If you’ve looked at my Instagram feed or read some of my other posts, you’ve probably figured out that the Great Outdoors, nature, is very important to me. Spending time outside, in nature, observing, walking, just being, has always soothed and renewed me.

Some of my earliest memories are of lying in the grass in our backyard when I was only 3 or 4. I liked to pick the blades of grass and a chew on the ends. As I grew, my range grew too. On my grandparent’s ranch I could roam freely, so I did, throwing stones into the ponds, picking wildflowers, climbing stacks of hay bales, climbing the hills to stare off into the distance, watching hawks and prairie dogs, and more. During recess at school, I’d go sit in the grass, looking for pretty stones or four-leaf clovers, watching water striders and other bugs in and around puddles.

For several years, in one yard, my father planted a large garden and many fruit trees. We all helped some to care for it, but it was mostly my father’s ‘baby’. There were artichokes, cucumbers, onions, carrots, potatoes, tomatoes, zucchini, apples, cherries, grapes, pomegranates, lemons, limes, oranges, grapefruits, and others that so many years later I can’t remember. I do remember Dad making pickles with the cucumbers.

When we moved to Washington, at first we lived in town. Less than a year later we moved a few miles out of town, onto two acres along a river. I spent many hours sitting by the river or wandering in nearby woods. I watched otters and fish in the river; eagles and hawks overhead; deer, bears, elk, weasels, beavers, coyotes, skunks. And so many others. Caddis fly larvae in the river were always interesting. We think  there were cougars in the mountains surrounding our little valley based on screams heard at night — not human. The bears — we always knew when they were feeding down at the river because the dogs would go crazy. We even had one run along side us in the river once, while we were rafting. For a while we had horses — deer would come and visit with them, then visit our vegetable garden for a snack.

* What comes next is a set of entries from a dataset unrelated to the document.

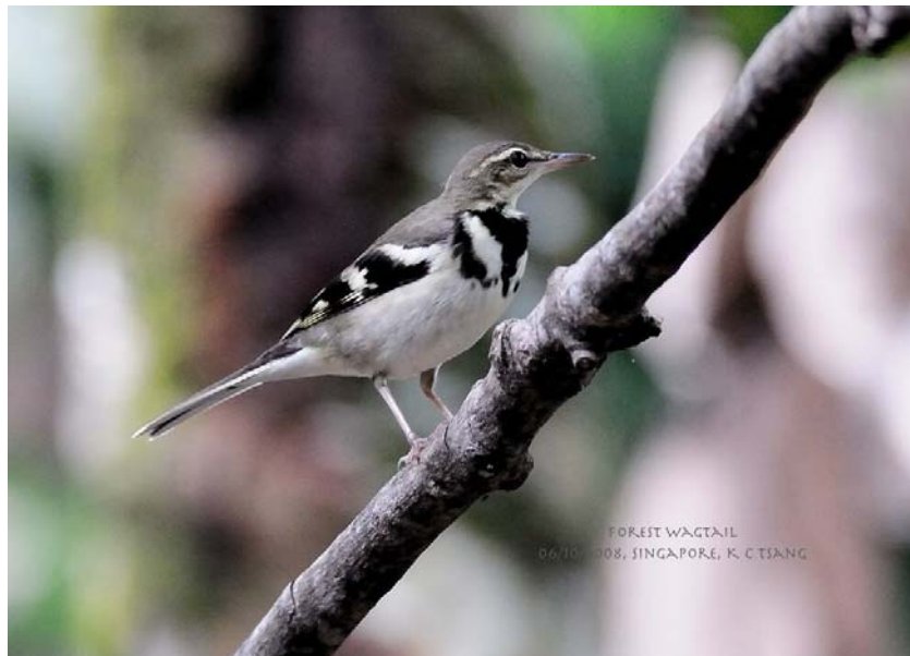
Forest Wagtail at Nee Soon Swamp Forest.

1 seen 6/10 at Nee Soon Swamp Forest (TKC)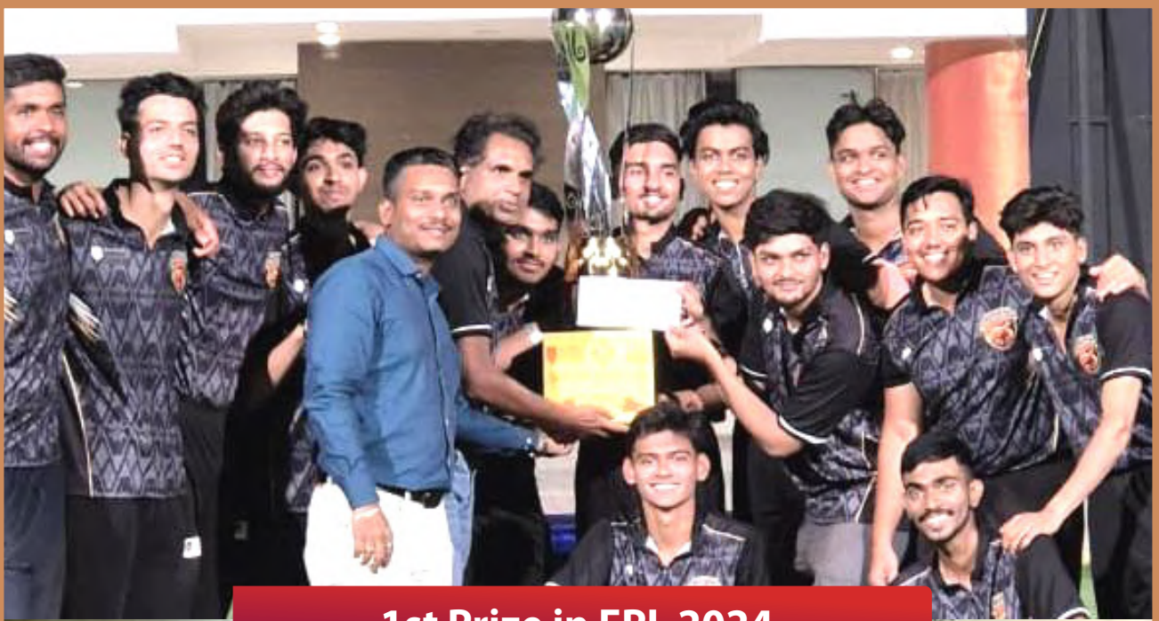
1st Prize in EPL 2024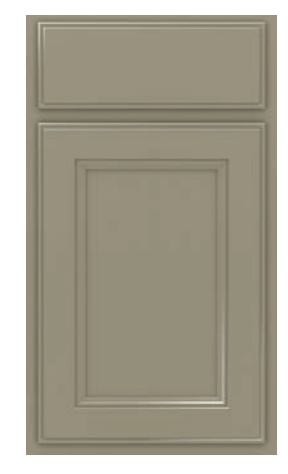
JORDAN I @0 aloe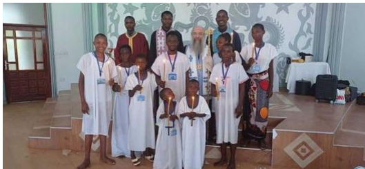
34 catechumens were baptized in Tanzania in two parishes on the Feast of Pentecost

Day of the Holy Spirit was observed at Holy Trinity Cathedral in Jerusalem with the Hierarchical Divine Liturgy celebrated by Patriarch Theophilos III.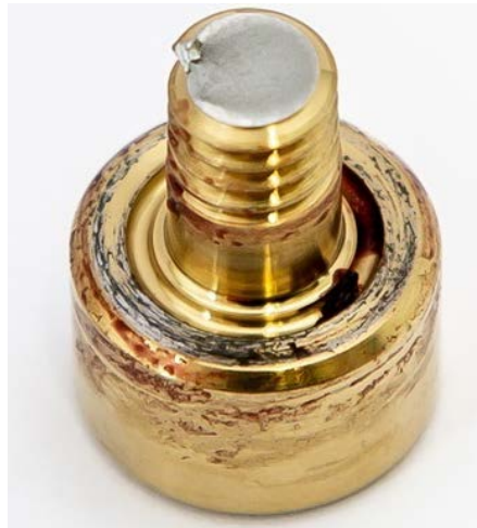
Fig.3: Torsion fracture of screw M6

Aim is to analyse the differences of fracture of the screw M6 (Fig. 3) in different settings (series 1-4). Due to the small sample numbers we selected Fisher's exact test for statistical analysis [23, 24]. Since there is the reasonable assumption that cleaning the interface reduces the probability of screw cracks, we use the one-sided variant of the test.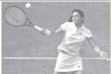
Italy's Silvia Farina Elia hits a forehand return to Russia's Maria Sharapova during their third round match at the Rome Masters WTA tournament on 13 May, 2004. Farina Elia won 7-6, 6-0.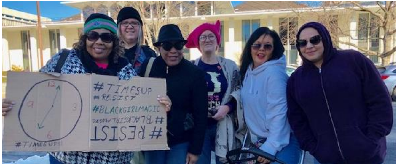
Democratic Women of Robeson County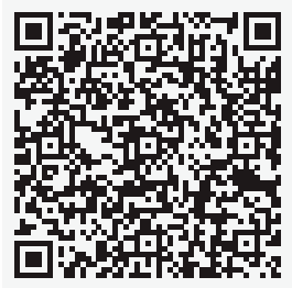
Scan for video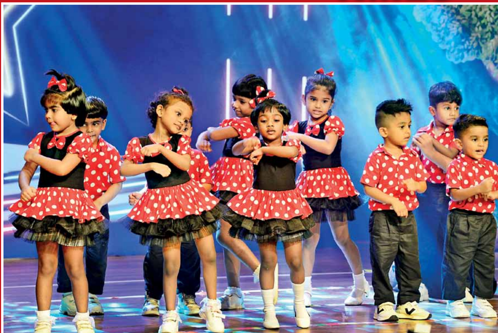
Polka Dots on Stage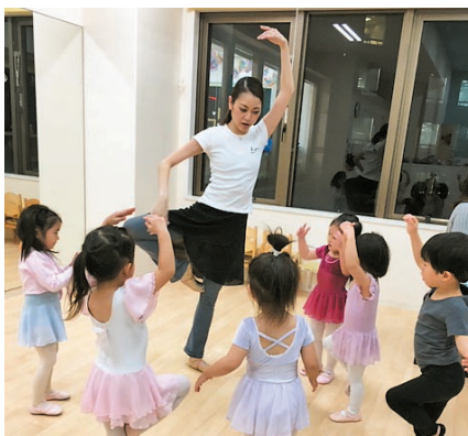
Last year's popular K-Ballet classes are back again!

[Inquiries] 03-5791-2105 or palis@poppins.co.jp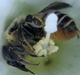
2nd Place Insects Tanya Bjerke

All photography entries are displayed on a TV inside the visitor center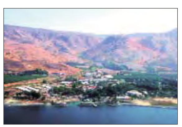
Hippus, Kursi: Country of the Gergesenes

in this picture marked the start of the Golan Region. The village of Kursi was at the point where the road leading up to Golan meets the shore road. According to an early Christian tradition, this was the place where Jesus caused certain demons to enter the bodies of pigs grazing on a nearby hill (see Matt. 8:28-34: Luke 8:26-39). A short distance south of Kursi is the only spot along the eastern shore where the mountains reach to the lake. A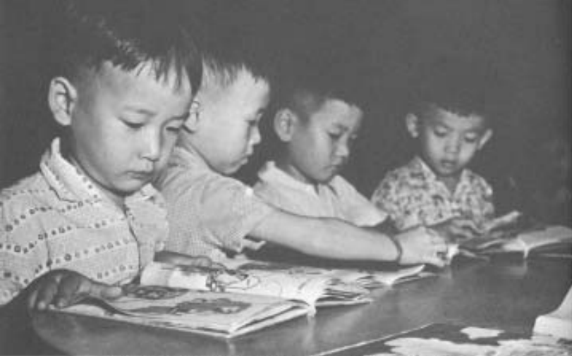
Schoolbooks capture the attention of young students.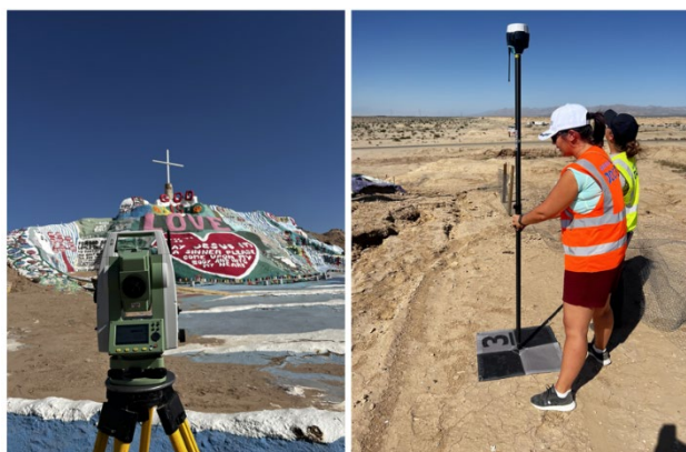
Figure 2. Topographic and GNSS survey.

Survey details are described within the survey report (McAvoy et al., 2024) and here summarized. The survey campaign has been carried out on October 25 th , 2023. The entire area has been documented integrating traditional and experimental Geomatics techniques. Employing a DJI Mavic 3 Pro, a multi-scale Uncrewed Aerial Vehicle (UAV) survey has been performed, acquiring both nadir and oblique images to collect data regarding the entire site and the surrounding area. Terrestrial photogrammetry has been employed to document the indoor environment of the "Hogan" (a Navajo name for certain adobe structures), the northern nook, where the slope had collapsed, and all the trucks, tractors, and cars placed in the Salvation Mountain area. Also, both a TLS and a MMS approach has been adopted to acquire data concerning the overall complex, including the indoor part of the Museum. A total of 47 static scans have been acquired using a Leica RTC360 system, and as regards the MMS survey, 3 scans of 15 minutes each have been performed employing a Stonex 120 GO platform. A topographic and a GNSS survey have been performed for the metric control and georeferencing of the final 3D point clouds (Figure 2).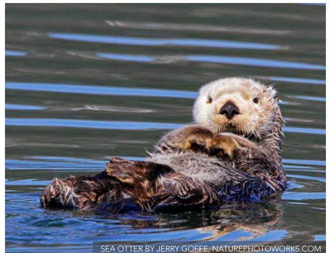
SEA OTTER

After breakfast take a boat trip to the panoramic Orca Inlet, where you will have the opportunity to see the world's largest population of sea otters and observe their interaction within the pod. Your guide for the day has been involved in sea otter studies for 15 years. Afterwards, stop at a remote beach for a short hike to explore tidepools. Next head to Hinchinbrook Island, where you will enjoy your lunch at another beautiful, remote beach. After lunch, visit a Kittiwake colony, and observe these nesting sea birds. Late afternoon, take in a discussion of the life cycle of salmon and their importance to the economy. Overnight at Orca Adventure Lodge. (BLD)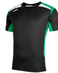
Black/Emerald/White Junior: 90404 Adult: 90412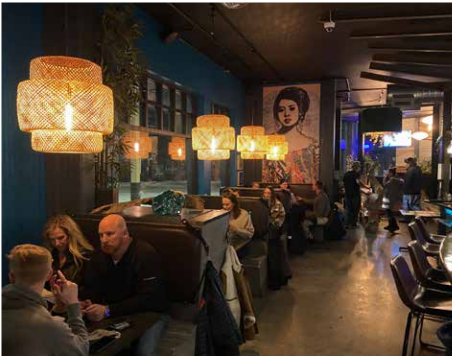
The Best Restaurant in Big Sky serves up quality sushi and an authentic dining experience.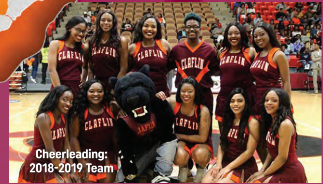
Cheerleading: 2018-2019 Team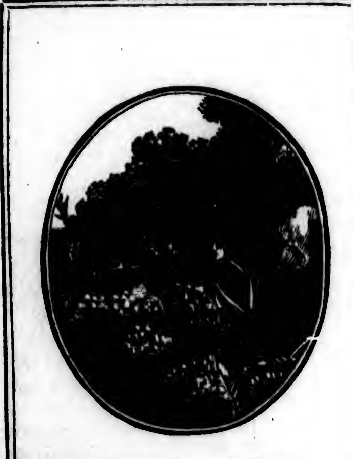
The Highlander in the Forest.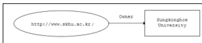
Figure 1. An Example of RDF graph

The basic block of RDF consists of three object types - resources, properties, and statements. A resource is anything that can be written as a Uniform Resource Identifier (URI) in the RDF expression. It can be not only a Web page but also an XML element. Anything written in URI could be a resource. A property is a specific characteristic, attribute, or relation of the resource - for example, "owner." Each property has a specific meaning, which can be classified by a schema related to the name of the property. A statement is a combination of a resource, a property, and a value. Each part of a statement is also known as the subject, the predicate, and the object. The object can be another resource or a literal, which might be any string or XML. Figure 1 presents an example of RDF graph for the Web page of the University.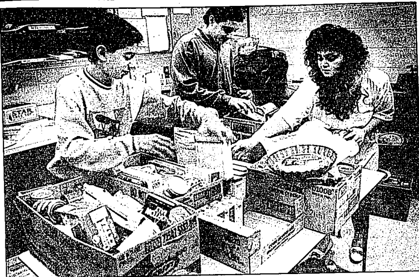
Helping hands: Goodfellows organizations throughout Oakland County prepare holiday food baskets (above) for area needy families. Firefighters in Farmington (right) help the local Goodfellows cause, soliciting donations from motorists.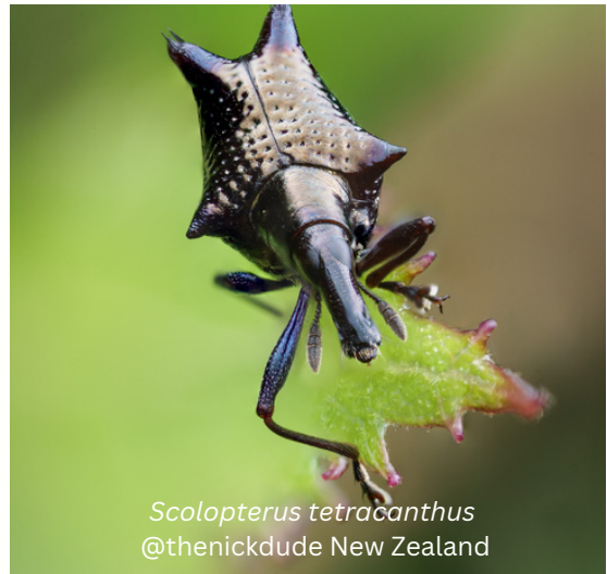
Scolopterus tetracanthus @thenickdude New Zealand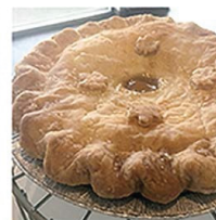
9" FRUIT (double crust)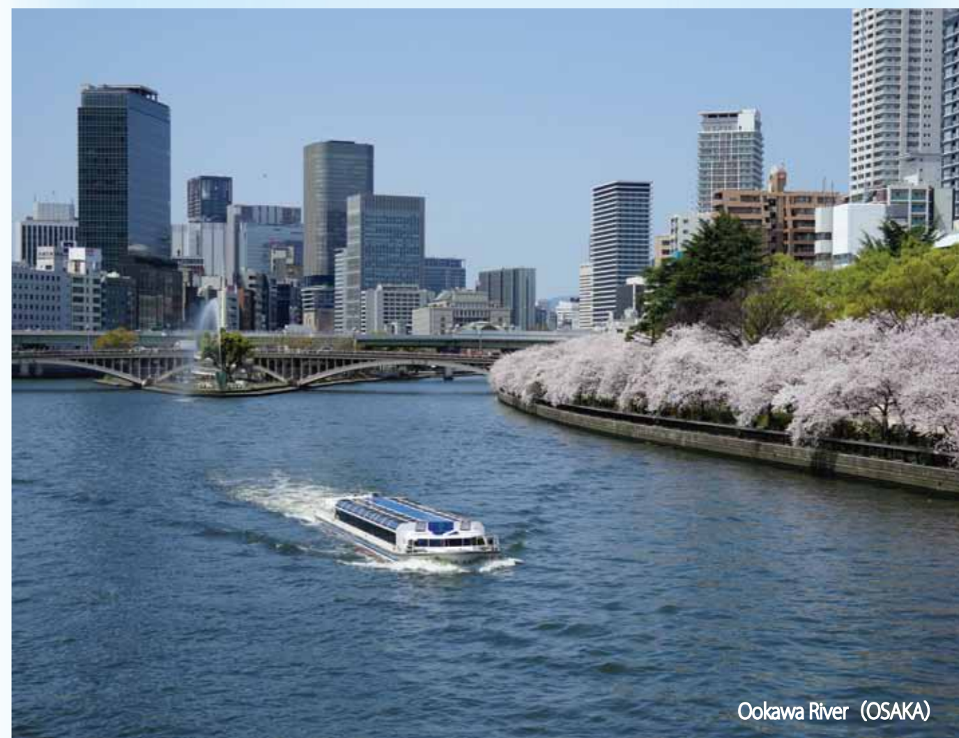
Ookawa River (OSAKA)

I love storms. The winds are invigorating. The lightning and thundering exciting. In Washington, our front door faced north and the back door, south. There were nights when we could go back and forth from front to back watching two separate storms at opposite ends of the valley. More than once we called in suspected lightning fires. When I was in high school, I attended an art camp on the Olympic peninsula. The most common way to get there was by ferry, as to drive would take several hours. One of the trips was during a storm, so bad that our run was the last of the day. The ferry rocked violently, spray flying high over the bow, various things clanking and clanging. Where did I spend most of the crossing? Outside, of course, in the wind and the rain.

I went off to college, first in Idaho then back to Washington. Then California, Indiana, Illinois, and now Georgia. Always I found places to be outside — parks, gardens, paths. Always I noticed what was around me, near and far — mountains, clouds, rivers, streams, ocean, beaches, cliffs; sun, moon, stars; wind, rain, snow; the flora and fauna. All of it. Already, here, I’ve wandered paths, found two nature areas, and look forward to visiting a third. Now that it’s spring, every day I wander our yard, looking for buds and blooms, animals, birds, and insects.

If I go more than a couple of days without time outside, I feel it — a restlessness, a sense of something missing.